The researchers found that known symptoms associated with Parkinson’s, including tremor and memory problems, can appear up to ten and five years before diagnosis respectively, also finding two new early features of Parkinson’s, epilepsy and hearing loss. They were then able to replicate these findings using additional data from the UK Biobank.
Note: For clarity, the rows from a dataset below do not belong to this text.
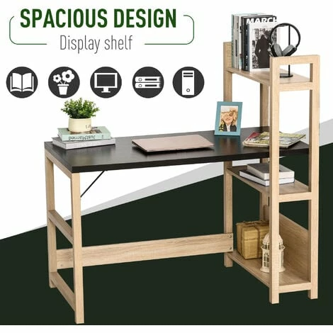 Let this desk from HOMCOM take the hard work off your schedule this season. It’s a duo design which gives you space to work and keep everything organised together in one stylish spot: fusing a work desk with side shelves. Built from particle board, the solid construction secures a reliable place to work on, with a smooth melamine coating to protect against light marks and damage. Fitted on the right side, the three spacious shelves give you lots of holding and display room for everything you need close by – whether it be folders, books and other office essentials. It’s finished with anti-slip feet for floor protection and reinforced accents on the frame for extra strength.
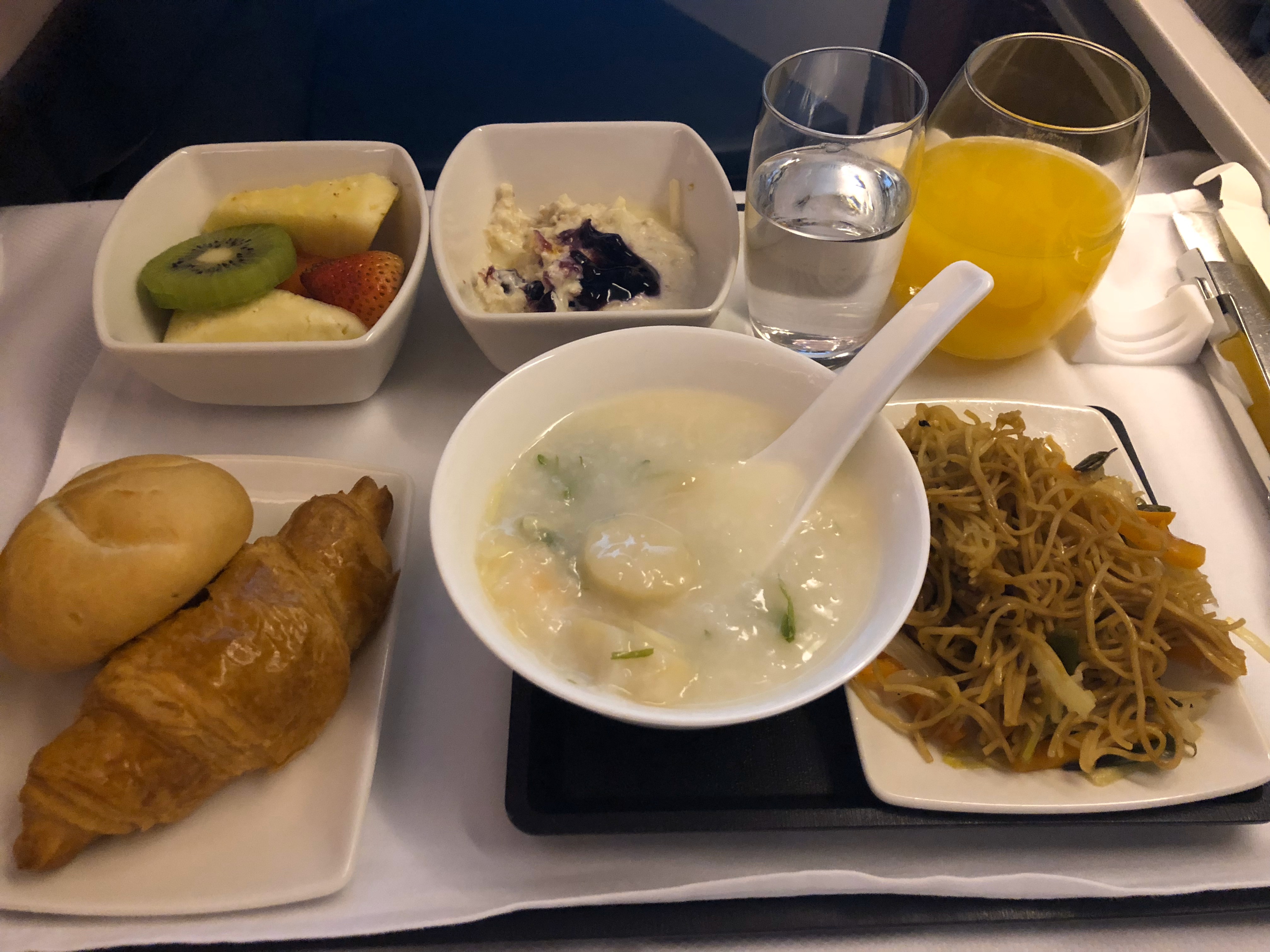 ローマから約11時間のフライトで、香港国際空港に到着。早朝だが、朝食はガッツリといただく。
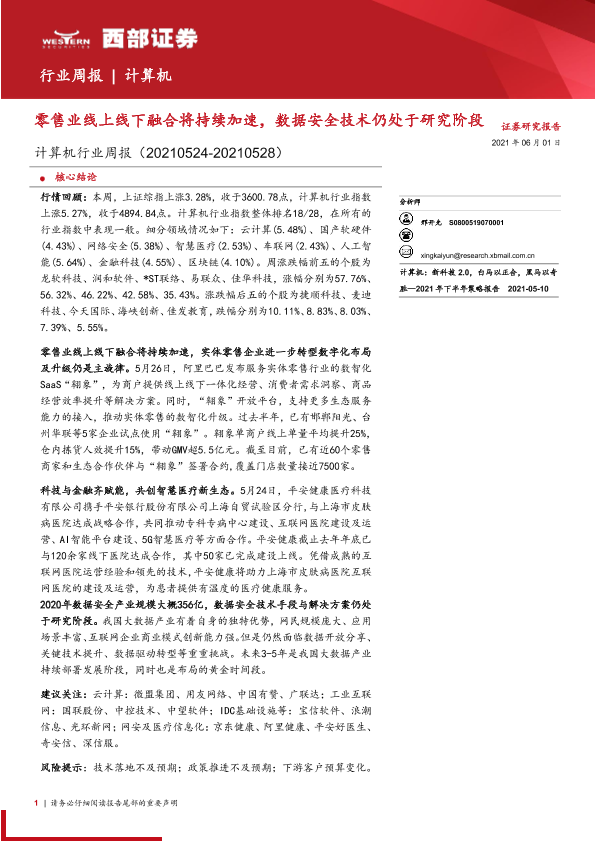 【西部证券】【20210601】20210601-西部证券-计算机行业周报:零售业线上线下融合将持续加速,数据安全技术仍处于研究阶段-16页

Ethnic and social diversity of new study

The diversity of the study is heavily underlined by the researchers, who point out that previous studies unearthing early signs of Parkinson's focused on largely white, well-off populations. This new study dug into data from East London, which not only has one of the highest proportions of Black, South Asian and mixed/other ethnic groups—comprising around 45% of its make-up, in comparison to 14% in the rest of the UK— but also some of the highest levels of deprivation in the UK; 80% of patients included in the study were from low-income households.

GPs should take note

“Our results uncovered novel risk factors and early symptoms: epilepsy and hearing loss," said lead author Dr. Cristina Simonet. "It’s important that primary care practitioners are aware of these links and understand how early the symptoms of Parkinson’s can appear, so that patients can get a timely diagnosis and doctors can act early to help manage the condition,” she added.

Dr. Simonet's QMUL colleague and study co-author, Dr. Alastair Noyce, echoed the message about spotting early warning signs: "People see their GPs with symptoms but often don’t get a diagnosis until five to ten years after this. Tremor, for example, is one of the most recognisable symptoms of Parkinson’s – but was seen ten years before eventual diagnosis in our study. This is too long for patients to wait. If we’re able to diagnose Parkinson’s earlier, we have a real opportunity to intervene early and offer treatments that could improve quality of life for patients."